Collected data entries –
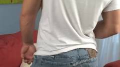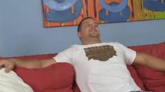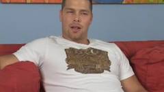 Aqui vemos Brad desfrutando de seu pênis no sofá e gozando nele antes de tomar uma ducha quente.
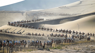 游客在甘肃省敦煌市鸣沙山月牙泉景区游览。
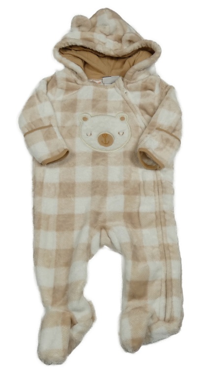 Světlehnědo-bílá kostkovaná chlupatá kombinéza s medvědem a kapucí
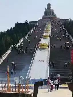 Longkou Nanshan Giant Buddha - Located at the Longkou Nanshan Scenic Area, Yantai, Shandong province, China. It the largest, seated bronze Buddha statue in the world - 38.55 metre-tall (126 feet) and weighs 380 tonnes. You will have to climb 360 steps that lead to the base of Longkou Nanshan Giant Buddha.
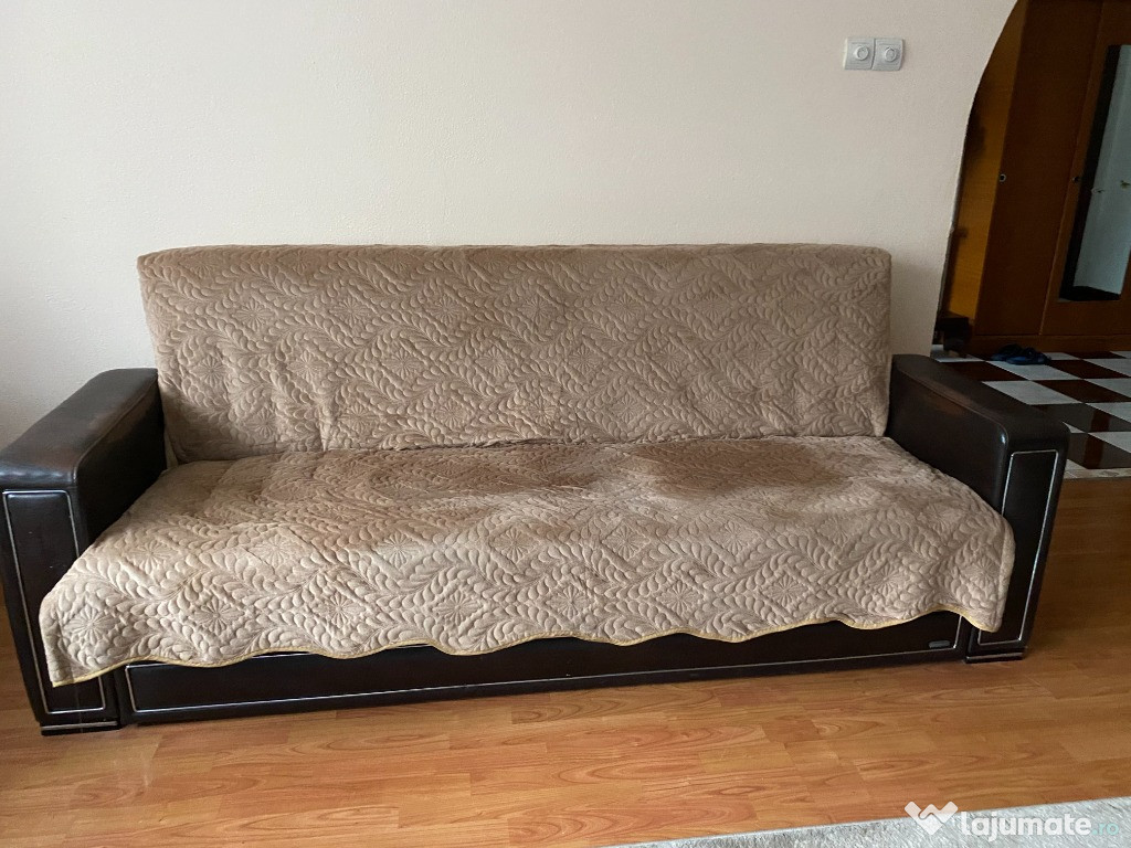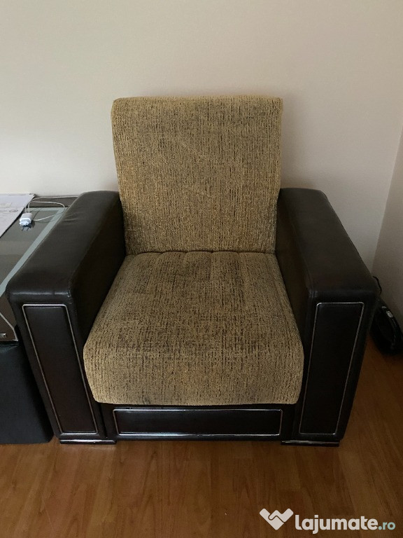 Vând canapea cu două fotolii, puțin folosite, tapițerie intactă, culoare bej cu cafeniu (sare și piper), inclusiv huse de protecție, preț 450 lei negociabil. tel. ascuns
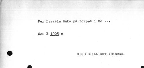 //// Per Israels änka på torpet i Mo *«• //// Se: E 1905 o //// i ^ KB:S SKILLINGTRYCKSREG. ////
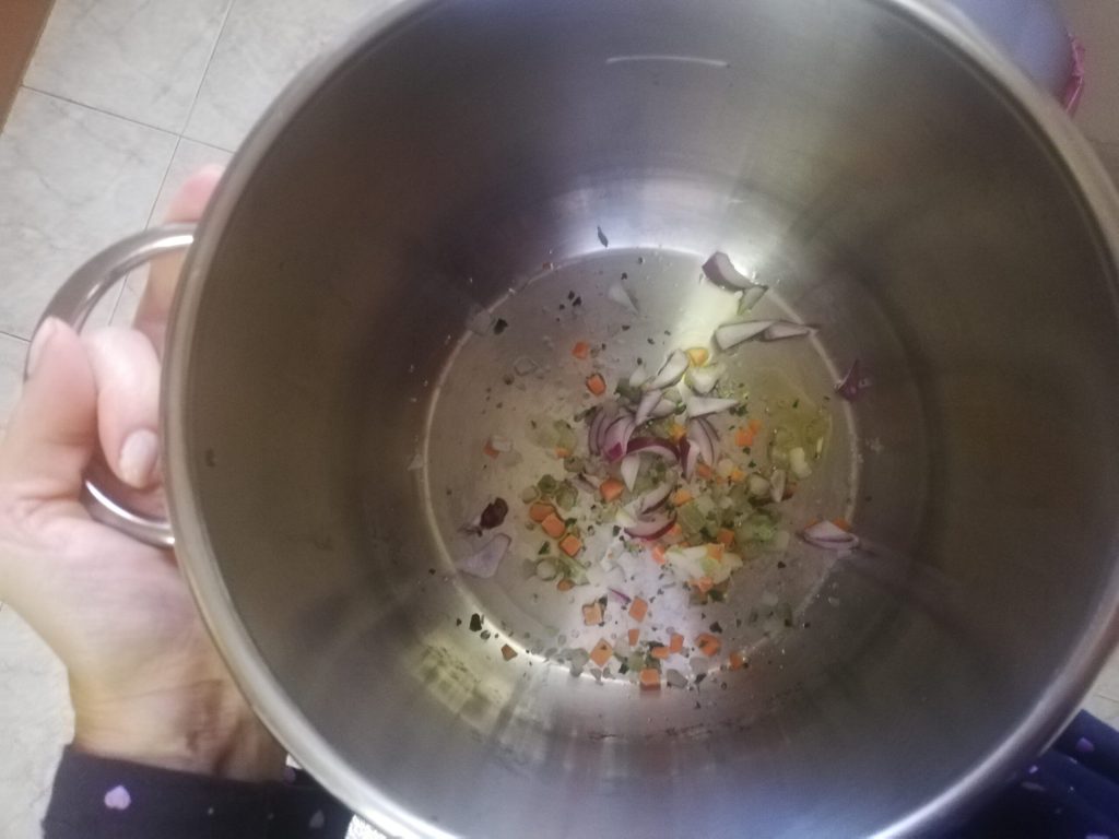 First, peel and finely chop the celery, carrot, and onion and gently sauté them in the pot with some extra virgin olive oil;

AIM OF THE EXERCISE – The lines above should be transcribed exactly, with every image removed.

SOLUTION –
 Aqui vemos Brad desfrutando de seu pênis no sofá e gozando nele antes de tomar uma ducha quente.
 游客在甘肃省敦煌市鸣沙山月牙泉景区游览。
 Světlehnědo-bílá kostkovaná chlupatá kombinéza s medvědem a kapucí
 Longkou Nanshan Giant Buddha - Located at the Longkou Nanshan Scenic Area, Yantai, Shandong province, China. It the largest, seated bronze Buddha statue in the world - 38.55 metre-tall (126 feet) and weighs 380 tonnes. You will have to climb 360 steps that lead to the base of Longkou Nanshan Giant Buddha.
 Vând canapea cu două fotolii, puțin folosite, tapițerie intactă, culoare bej cu cafeniu (sare și piper), inclusiv huse de protecție, preț 450 lei negociabil. tel. ascuns
 //// Per Israels änka på torpet i Mo *«• //// Se: E 1905 o //// i ^ KB:S SKILLINGTRYCKSREG. ////
 First, peel and finely chop the celery, carrot, and onion and gently sauté them in the pot with some extra virgin olive oil;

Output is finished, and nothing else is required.